WHAT IS BEING ASKED:
From the line that contains "The hard lesson" through the last line of the data, copy everything exactly and nothing else, omitting the pictures.

★ ★ ★ ★ ★ ★ ★

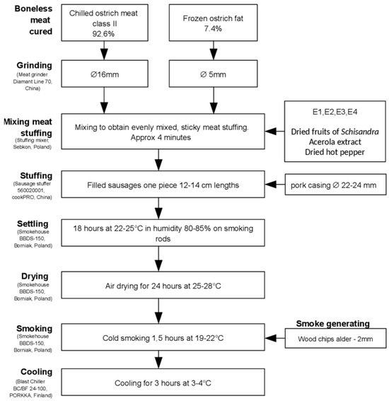 Meat and fat were obtained from the meat processing company Strusia Kraina & MOBAX Sp.j. (Katowice, Poland) from 20 ostriches with a preslaughter weight of 90 to 130 kg. After overnight chilling at a temperature of −2 °C to 0 °C, approximately 30 kg ostrich meat class II (meat separated from bones, the whole carcass, without membranes and ligaments) and 3 kg ostrich fat (pure fat without membranes) were collected in three separate trials. Ingredients such as dried fruits of Schisandra chinesis (Nanga, Złotow, Poland), acerola (Malpighia glabra L.) extract standardized to 17% vitamin C (Nanga), dried hot peppers (Capsicum annuum L.) (Chili-Trade KFT, Batya, Hungary), natural sausage pork casings (EMAS, Dąbrowa Górnicza, Poland) and curing salt (EMAS) were purchased from a local market.
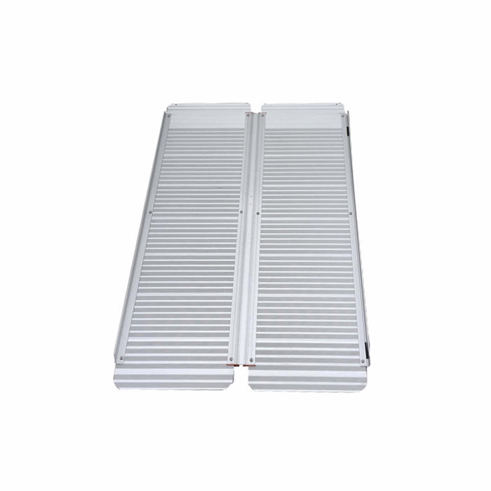 Denne foldbare rampe er praktisk og fylder mindre, når den ikke er i brug. Den har en riflet overflade, som gør den skridsikker, hvilket gør den ideel til vogne, kørestole og transportbure. Rampen kan bære op til 270 kg pr. par.
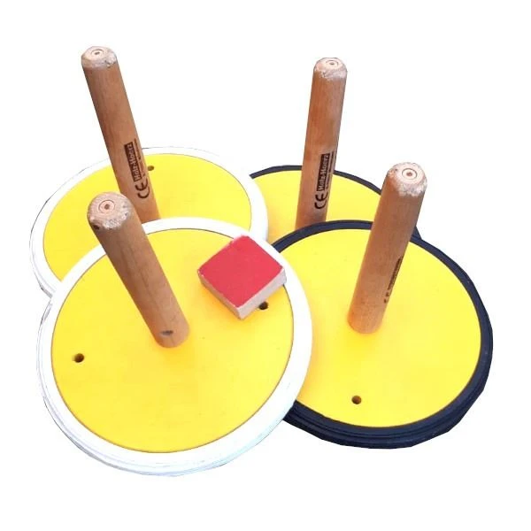 Sie können auf einer harten Oberfläche spielen. Die Version für den Außenbereich ist mit Kunststoff verkleidet. Die Holzstangen sind ca. 22 cm hoch und haben einen Gummipuffer in Weiß und Schwarz. Es gibt also ein weißes und ein schwarzes Team.
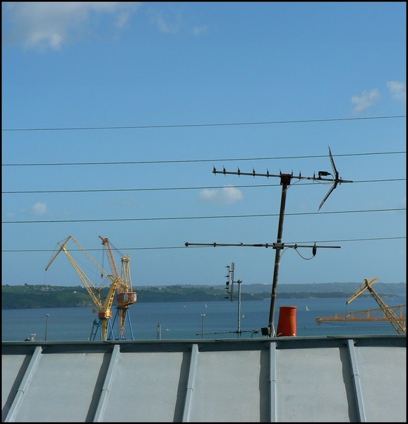 ces petites grues m'amusent aussi surtout celle qui regarde l'autre, on a l'impression qu'elle cause ..(quelle vie trépidante dans la rade) mais je crois que je trouve la partie du toit en premier plan un peu trop imposante....
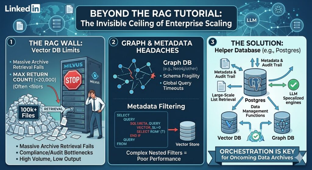 The hard lesson I’ve learned is that an enterprise RAG system is not just a vector store; it is a coordinated data architecture. You cannot rely on your vector or graph DB to be the “source of truth” for your metadata or your large-scale retrieval logic.
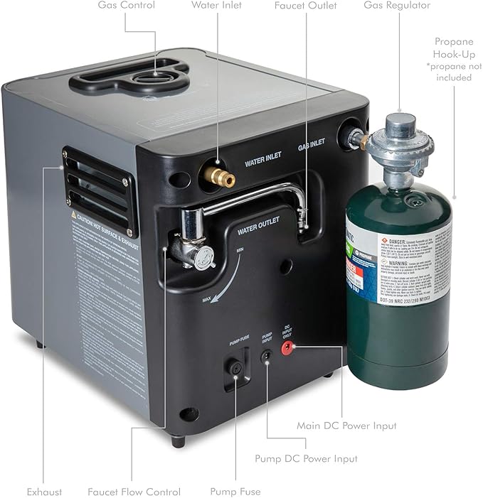 - PORTABLE OUTDOOR WATER HEATER – Innovative System Runs on Propane Gas Tank to Heat Water for Showering, Washing Dishes, Cleaning Hands & Other Tasks
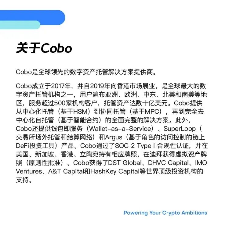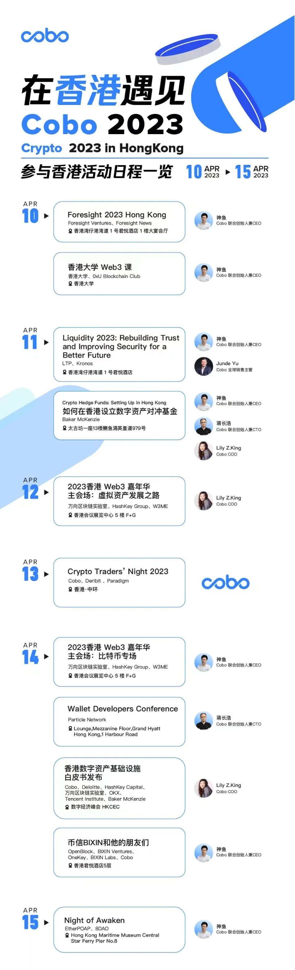 作为全球领先的数字资产托管方案提供商,Cobo 团队也将在创始人神鱼、蒋长浩带领下,出席多项活动,期待与各位伙伴和客户在香港相见。
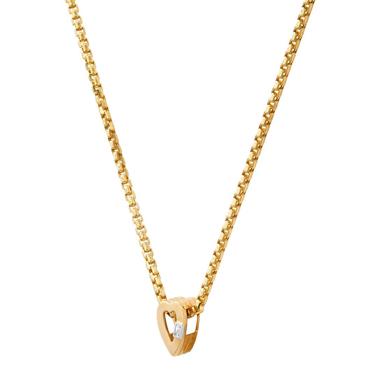 The Mini Heart charm is handcrafted in 14K gold with textured sides and diamond baguette. Pendant only. Chain not included.
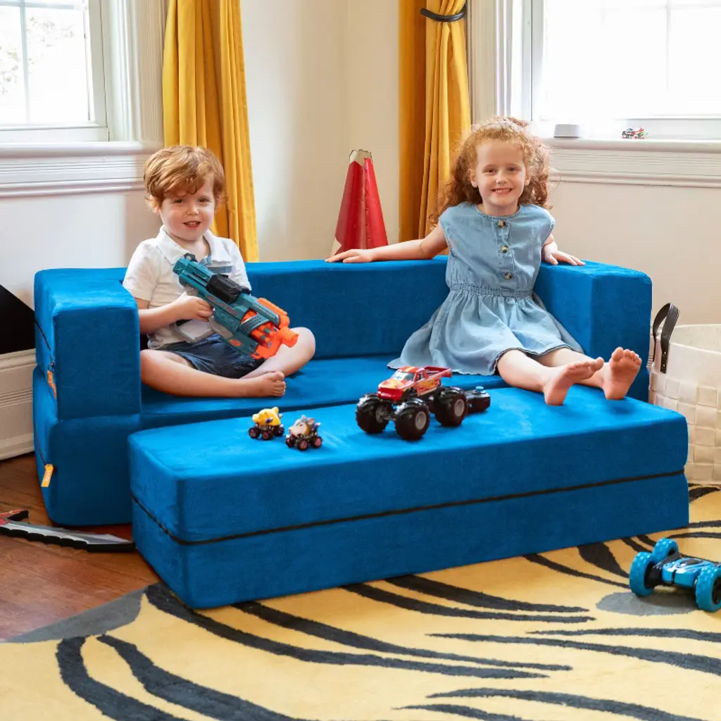 Jaxx Zipline Kids Sofa & Large Ottoman, 3 In 1 Fold Out Sofa, Big Kids Edition, Blueberry

★ ★ ★ ★ ★ ★ ★

SOLUTION TO THIS PROBLEM:
 The hard lesson I’ve learned is that an enterprise RAG system is not just a vector store; it is a coordinated data architecture. You cannot rely on your vector or graph DB to be the “source of truth” for your metadata or your large-scale retrieval logic.
 - PORTABLE OUTDOOR WATER HEATER – Innovative System Runs on Propane Gas Tank to Heat Water for Showering, Washing Dishes, Cleaning Hands & Other Tasks
 作为全球领先的数字资产托管方案提供商,Cobo 团队也将在创始人神鱼、蒋长浩带领下,出席多项活动,期待与各位伙伴和客户在香港相见。
 The Mini Heart charm is handcrafted in 14K gold with textured sides and diamond baguette. Pendant only. Chain not included.
 Jaxx Zipline Kids Sofa & Large Ottoman, 3 In 1 Fold Out Sofa, Big Kids Edition, Blueberry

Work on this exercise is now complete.